Collection entries:
<<<<

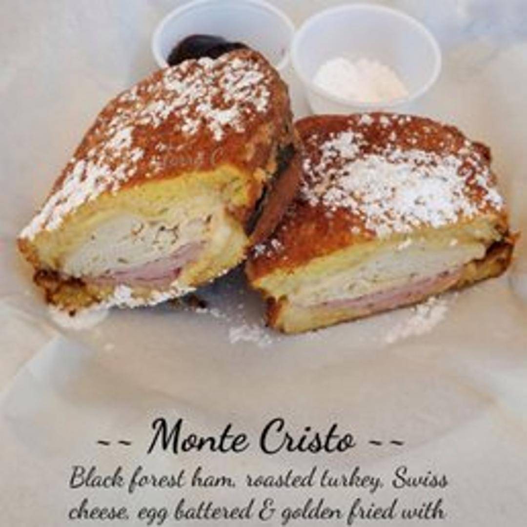 A classic sandwich featuring sliced ham, turkey, and Swiss cheese, dipped in an egg batter and pan-fried to a golden brown. Lightly dusted with powdered sugar and served with a side of jam.
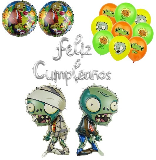 Set Globos Aluminio + 12 globos Látex Feliz Cumpleaños Plantas vs Zombies
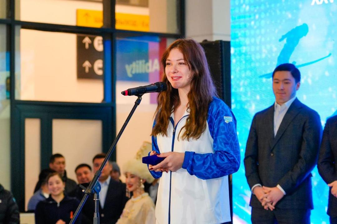 Кадры торжественной встречи опубликовала пресс-служба НОК РК. Для фигуриста была организована сцена, на которую он поднялся после объявления. Шайдоров вышел с флагом Казахстана на плечах и с золотой медалью Олимпийских игр на груди.
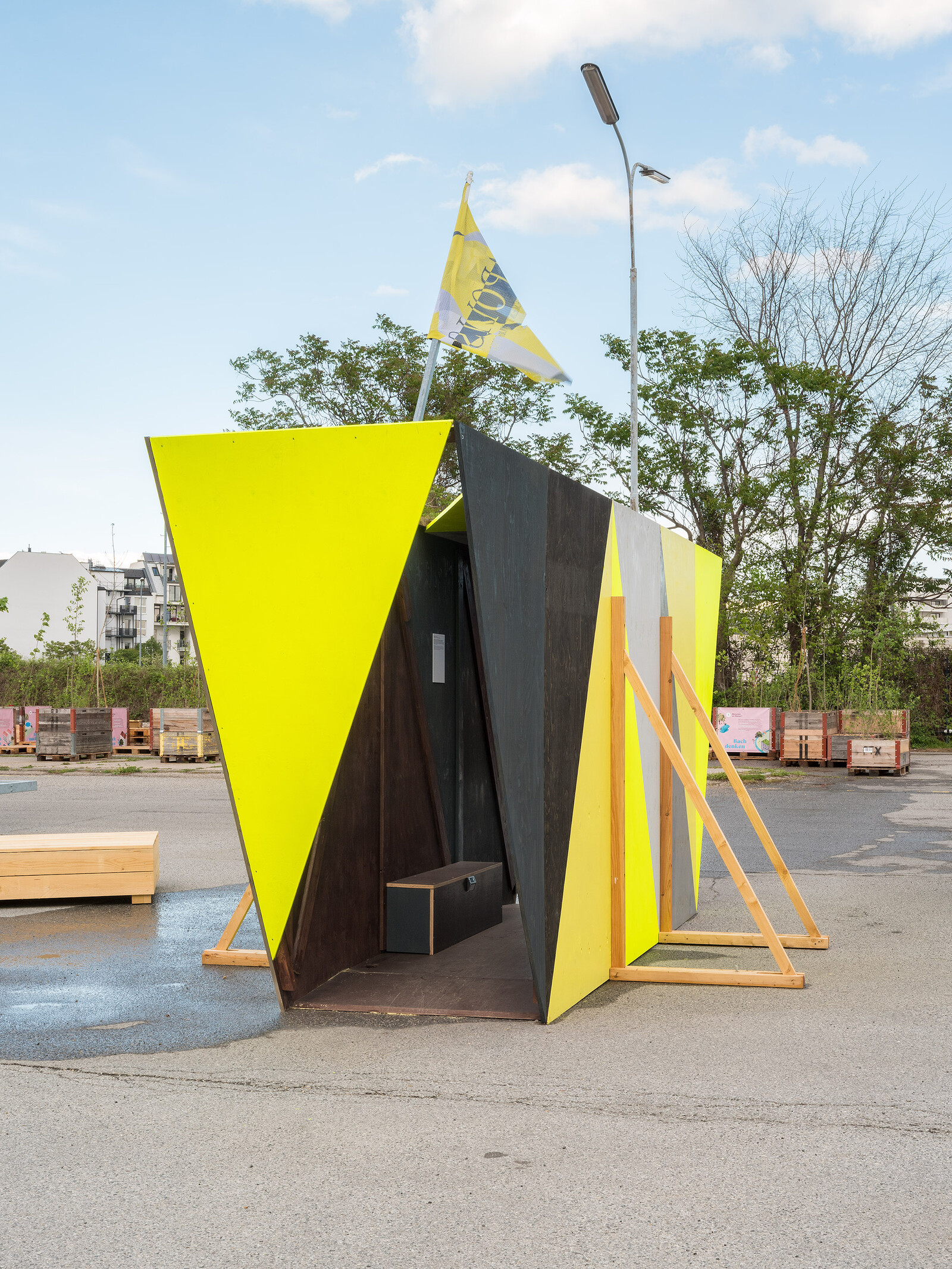To quote the organizers, the overarching idea of the biennial is to spur “the paradigm shift toward a livable and sustainable future on our planet. The key tools to achieve this objective are, without doubt, participation, collaboration, and awareness.”1 To this end, the programme at the semi-derelict Festivalareal includes an Atelier Luma and Vienna Business Agency project, where architecture students research material reuse, and a showcase for “Design with a Purpose,” objects that try to alter the dynamics of product lifecycles. The same location offers childcare, no-consumption spaces where you can spend time without any pressure to buy anything, and compost toilets; in the yard outside, tarmac has been torn up to create beds in which slender trees and herbs seem to be flourishing—they can enjoy a few years before the site’s eventual redevelopment.
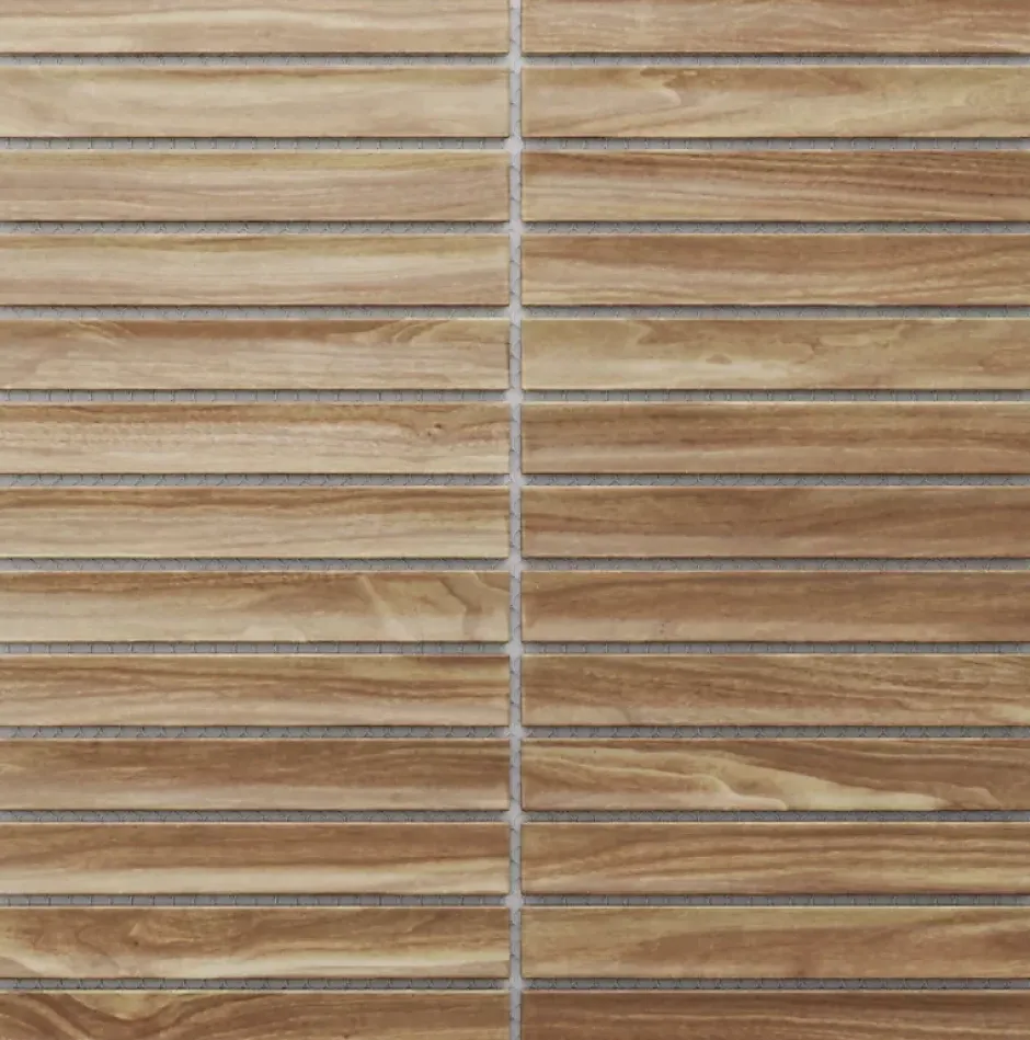 Mosaïque en céramique. Idéal pour une installation murale dans les espaces intérieurs de la maison, mais également excellent pour créer des bandes et/ou des inserts décoratifs car il est facile à couper grâce au maillage. Il s’adapte à toutes les surfaces, droites ou ondulées, également idéal pour les sols. La mosaïque est fournie sur un filet éco-plastique. Spécifications techniques : – Choix : I ; – Antidérapant : non ; – Type de matériau : céramique (La découpe de la céramique est autorisée avec le disque céramique/carrelage.) ; – Dimensions de la plaque : 29.6cm x 30.0cm; – Taille de la carte : 14.7cm x 2.1cm; – Épaisseur : 6mm; – Quantité au m² : 12; – Résistant à l’eau ; – Résistant à la chaleur (convient aux saunas, spas et installation à proximité de sources de chaleur, par exemple poêles). Méthode d’installation :- Utilisez votre adhésif de montage spécifique préféré. – Appliquer le mastic époxy. – Laver l’excédent de mastic époxy avec une éponge douce et de l’eau. Traitement: La finition de surface permet un nettoyage facile avec un chiffon en microfibre, pour garantir la durabilité de la couleur dans le temps. Ne pas utiliser de produits abrasifs ou corrosifs. Ne pas frotter ni gratter. Élégance et facilité d’adaptation : La mosaïque en verre trempé se distingue par sa résistance à l’eau et à l’humidité, ce qui la rend parfaite pour une utilisation dans des environnements à forte humidité, tels que les salles de bains, les cuisines et les saunas. Il est idéal pour décorer les murs à côté des des baignoires et des douches. La finition en mosaïque s’intègre parfaitement aux designs modernes et minimalistes, ajoutant une touche d’élégance et de sophistication aux espaces.
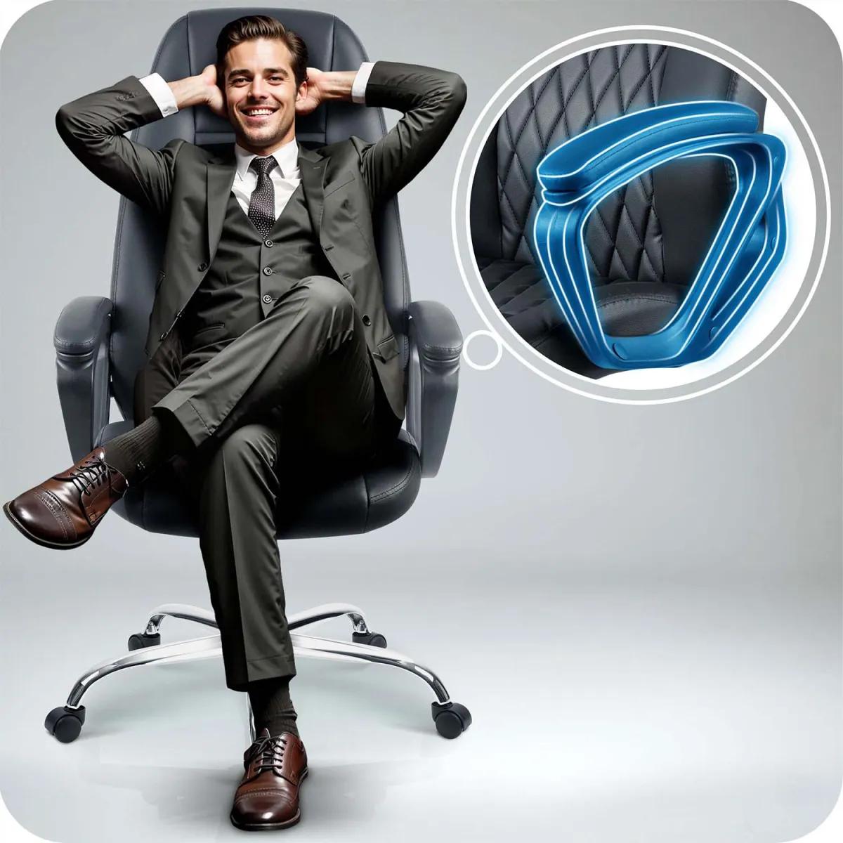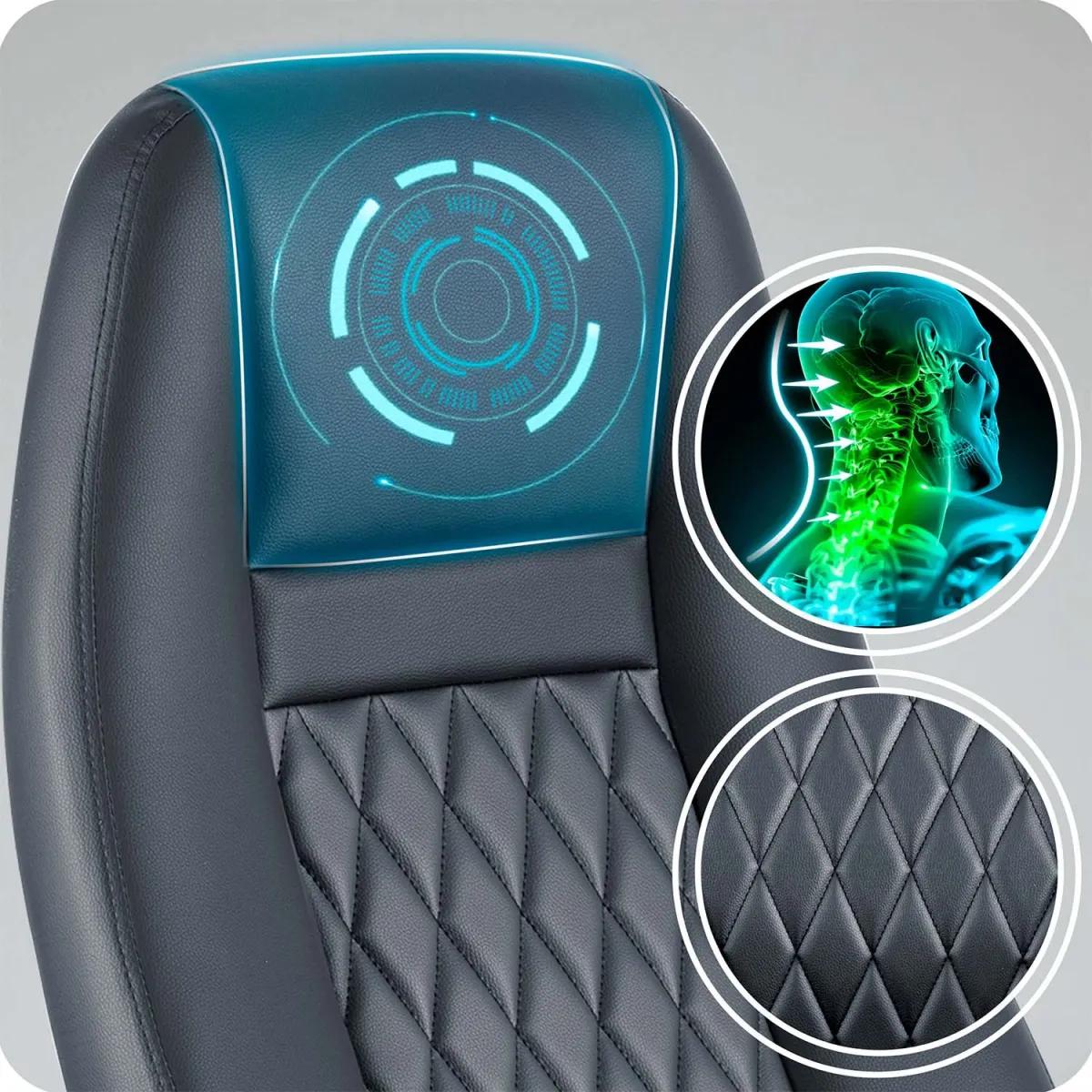 Židle nabízí široký rozsah sklonu opěradla, takže můžete kdykoli přejít z pracovní polohy do pohodlné polohy k odpočinku. Konturovaná bederní část pomáhá udržovat ergonomickou a bezpečnou polohu těla. Konturovaná opěrka hlavy rovnoměrně rozloží tlak, uvolní svaly a zabrání bolesti krku. Chromový rám z vysoce kvalitní oceli zajišťuje vyjímečnou stabilitu a odolnost a elegantní povrchová úprava je odolná vůči poškrábání a korozi.

>>>>

### Task brief:
Retype all entries above verbatim; no pictures belong in the copy.

### Your response:
 A classic sandwich featuring sliced ham, turkey, and Swiss cheese, dipped in an egg batter and pan-fried to a golden brown. Lightly dusted with powdered sugar and served with a side of jam.
 Set Globos Aluminio + 12 globos Látex Feliz Cumpleaños Plantas vs Zombies
 Кадры торжественной встречи опубликовала пресс-служба НОК РК. Для фигуриста была организована сцена, на которую он поднялся после объявления. Шайдоров вышел с флагом Казахстана на плечах и с золотой медалью Олимпийских игр на груди.
To quote the organizers, the overarching idea of the biennial is to spur “the paradigm shift toward a livable and sustainable future on our planet. The key tools to achieve this objective are, without doubt, participation, collaboration, and awareness.”1 To this end, the programme at the semi-derelict Festivalareal includes an Atelier Luma and Vienna Business Agency project, where architecture students research material reuse, and a showcase for “Design with a Purpose,” objects that try to alter the dynamics of product lifecycles. The same location offers childcare, no-consumption spaces where you can spend time without any pressure to buy anything, and compost toilets; in the yard outside, tarmac has been torn up to create beds in which slender trees and herbs seem to be flourishing—they can enjoy a few years before the site’s eventual redevelopment.
 Mosaïque en céramique. Idéal pour une installation murale dans les espaces intérieurs de la maison, mais également excellent pour créer des bandes et/ou des inserts décoratifs car il est facile à couper grâce au maillage. Il s’adapte à toutes les surfaces, droites ou ondulées, également idéal pour les sols. La mosaïque est fournie sur un filet éco-plastique. Spécifications techniques : – Choix : I ; – Antidérapant : non ; – Type de matériau : céramique (La découpe de la céramique est autorisée avec le disque céramique/carrelage.) ; – Dimensions de la plaque : 29.6cm x 30.0cm; – Taille de la carte : 14.7cm x 2.1cm; – Épaisseur : 6mm; – Quantité au m² : 12; – Résistant à l’eau ; – Résistant à la chaleur (convient aux saunas, spas et installation à proximité de sources de chaleur, par exemple poêles). Méthode d’installation :- Utilisez votre adhésif de montage spécifique préféré. – Appliquer le mastic époxy. – Laver l’excédent de mastic époxy avec une éponge douce et de l’eau. Traitement: La finition de surface permet un nettoyage facile avec un chiffon en microfibre, pour garantir la durabilité de la couleur dans le temps. Ne pas utiliser de produits abrasifs ou corrosifs. Ne pas frotter ni gratter. Élégance et facilité d’adaptation : La mosaïque en verre trempé se distingue par sa résistance à l’eau et à l’humidité, ce qui la rend parfaite pour une utilisation dans des environnements à forte humidité, tels que les salles de bains, les cuisines et les saunas. Il est idéal pour décorer les murs à côté des des baignoires et des douches. La finition en mosaïque s’intègre parfaitement aux designs modernes et minimalistes, ajoutant une touche d’élégance et de sophistication aux espaces.
 Židle nabízí široký rozsah sklonu opěradla, takže můžete kdykoli přejít z pracovní polohy do pohodlné polohy k odpočinku. Konturovaná bederní část pomáhá udržovat ergonomickou a bezpečnou polohu těla. Konturovaná opěrka hlavy rovnoměrně rozloží tlak, uvolní svaly a zabrání bolesti krku. Chromový rám z vysoce kvalitní oceli zajišťuje vyjímečnou stabilitu a odolnost a elegantní povrchová úprava je odolná vůči poškrábání a korozi.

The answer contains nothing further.